Problem requirements: Copy the complete listing word for word, but do not carry over any images.

Record set:
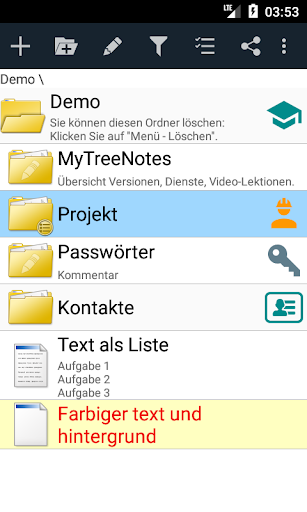 MyTreeNotes Lite - Multifunktionaler Notizblock mit der Möglichkeit, Notizen in Ordnern mit unbegrenzter Schachtelung zu speichern.
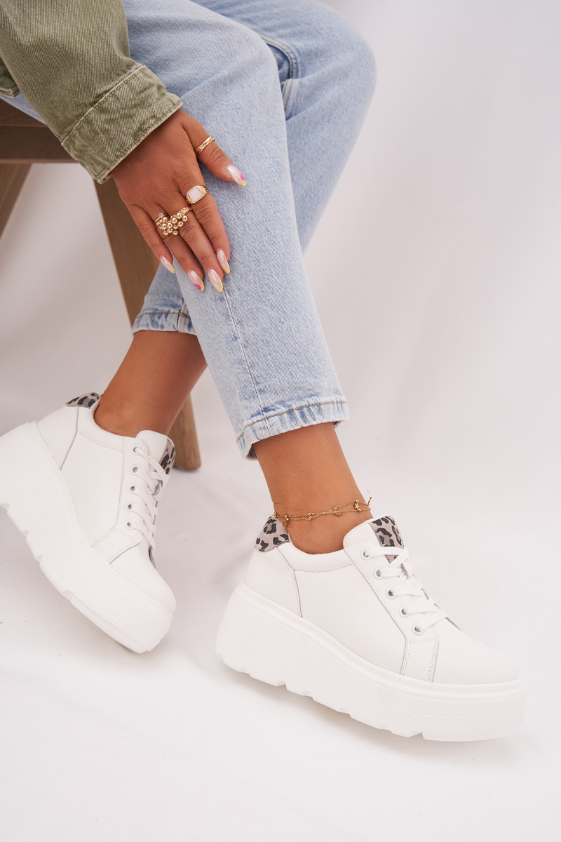 Kožené dámské tenisky na platformě Panterka Vinceza 89144 Bílé
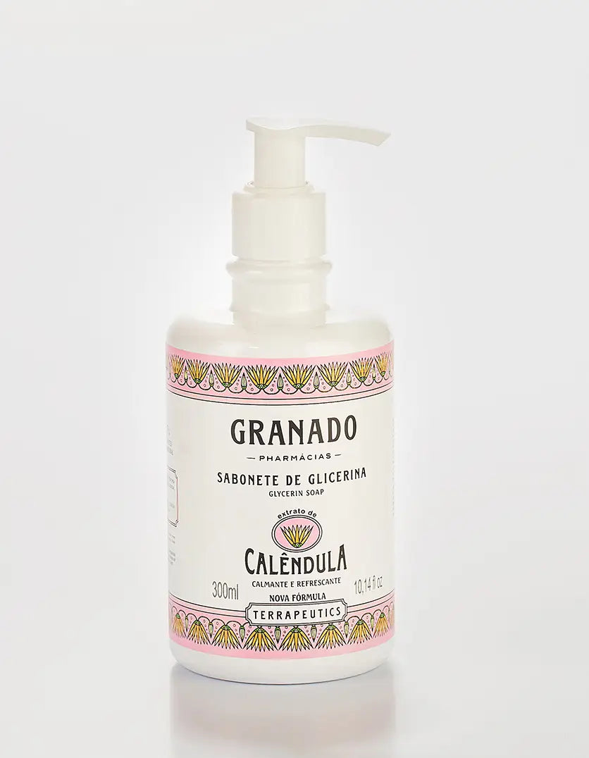 Formulado com pH da pele, glicerina vegetal e alta concentração de extrato natural de calêndula, que acalma a pele. Limpa suavemente a pele, deixando-a macia e perfumada. Fórmula biodegradável. Livre de parabenos e ingredientes de origem animal.
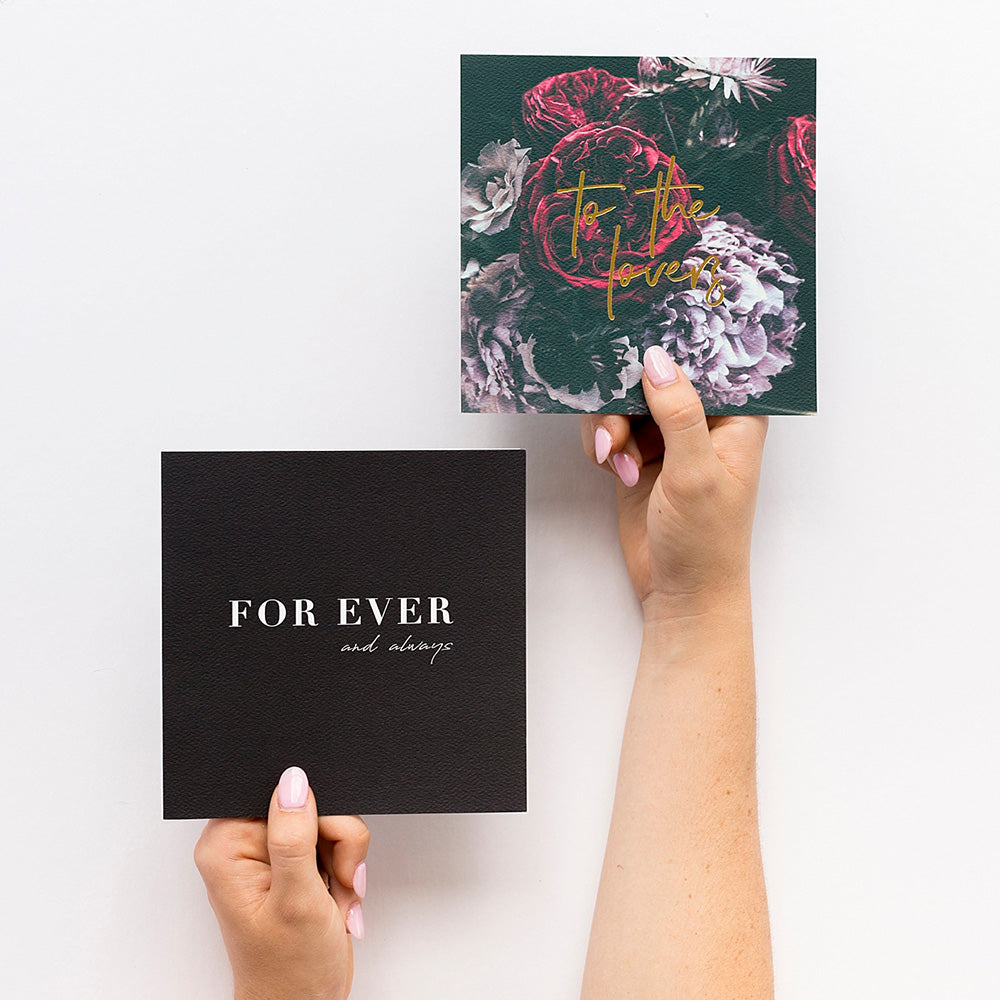 300gsm sustainable stock with vegetable inks. Recycled cotton envelope.
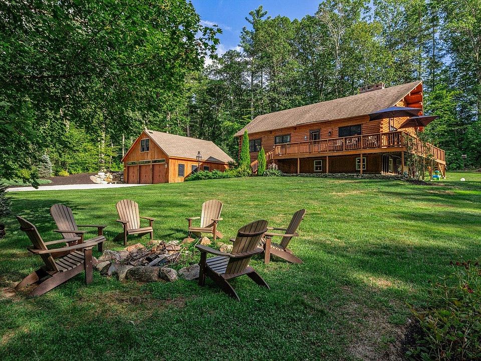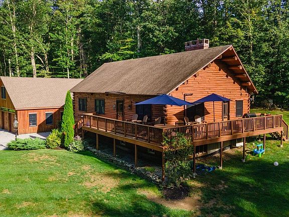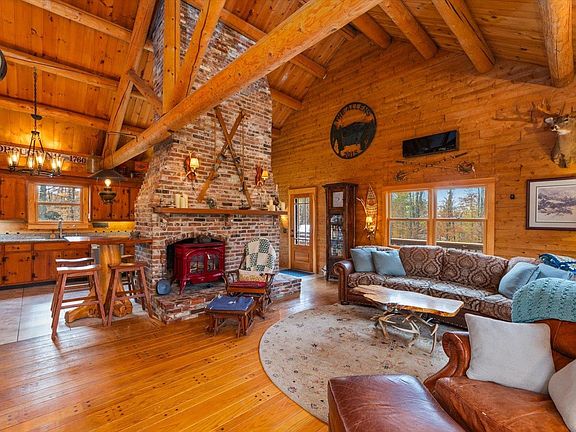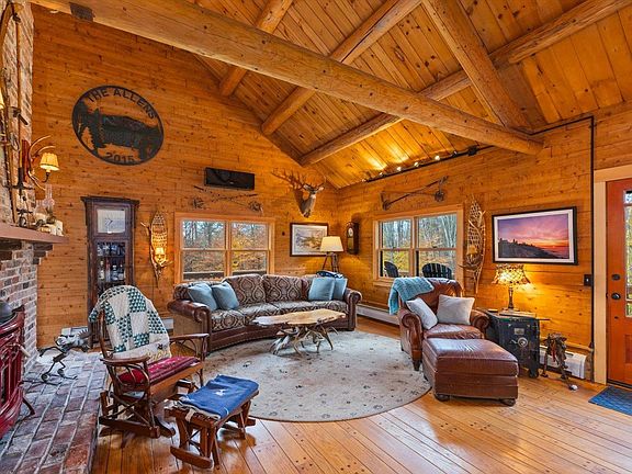 Welcome to 19 Elm Hill Road—an inviting log-style home on two private acres in the heart of Peterborough. Offering over 2,000 sq ft of living space, this warm, character-filled property features four bedrooms and two baths. The open-concept main level includes exposed beams, a vaulted ceiling, and a striking brick chimney and fireplace with a propane stove anchors the living area. The spacious kitchen provides ample workspace and flows easily into the dining area for entertaining. Three bedrooms and a full bath complete the first floor. Upstairs, the loft bedroom serves as a private hideaway with a ¾ bath and dressing area. The lower level adds more living space with a large recreation room featuring a stone hearth and woodstove, plus laundry, utilities, and an attached one-car garage with workshop area. Enjoy coffee or evening sunsets on the deck overlooking a landscaped yard and gardens framed by trees for privacy. A detached three-car garage provides excellent storage or hobby space, with potential for a home office above. Built in 1965 and lovingly cared for by only two owners, this home blends timeless craftsmanship with comfort and versatility. Just minutes from downtown Peterborough, yet peaceful and private, it perfectly balances country charm and convenience.
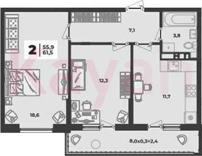 Продажа 2-комн. квартиры, 53.5 кв.м

Problem solution:
 MyTreeNotes Lite - Multifunktionaler Notizblock mit der Möglichkeit, Notizen in Ordnern mit unbegrenzter Schachtelung zu speichern.
 Kožené dámské tenisky na platformě Panterka Vinceza 89144 Bílé
 Formulado com pH da pele, glicerina vegetal e alta concentração de extrato natural de calêndula, que acalma a pele. Limpa suavemente a pele, deixando-a macia e perfumada. Fórmula biodegradável. Livre de parabenos e ingredientes de origem animal.
 300gsm sustainable stock with vegetable inks. Recycled cotton envelope.
 Welcome to 19 Elm Hill Road—an inviting log-style home on two private acres in the heart of Peterborough. Offering over 2,000 sq ft of living space, this warm, character-filled property features four bedrooms and two baths. The open-concept main level includes exposed beams, a vaulted ceiling, and a striking brick chimney and fireplace with a propane stove anchors the living area. The spacious kitchen provides ample workspace and flows easily into the dining area for entertaining. Three bedrooms and a full bath complete the first floor. Upstairs, the loft bedroom serves as a private hideaway with a ¾ bath and dressing area. The lower level adds more living space with a large recreation room featuring a stone hearth and woodstove, plus laundry, utilities, and an attached one-car garage with workshop area. Enjoy coffee or evening sunsets on the deck overlooking a landscaped yard and gardens framed by trees for privacy. A detached three-car garage provides excellent storage or hobby space, with potential for a home office above. Built in 1965 and lovingly cared for by only two owners, this home blends timeless craftsmanship with comfort and versatility. Just minutes from downtown Peterborough, yet peaceful and private, it perfectly balances country charm and convenience.
 Продажа 2-комн. квартиры, 53.5 кв.м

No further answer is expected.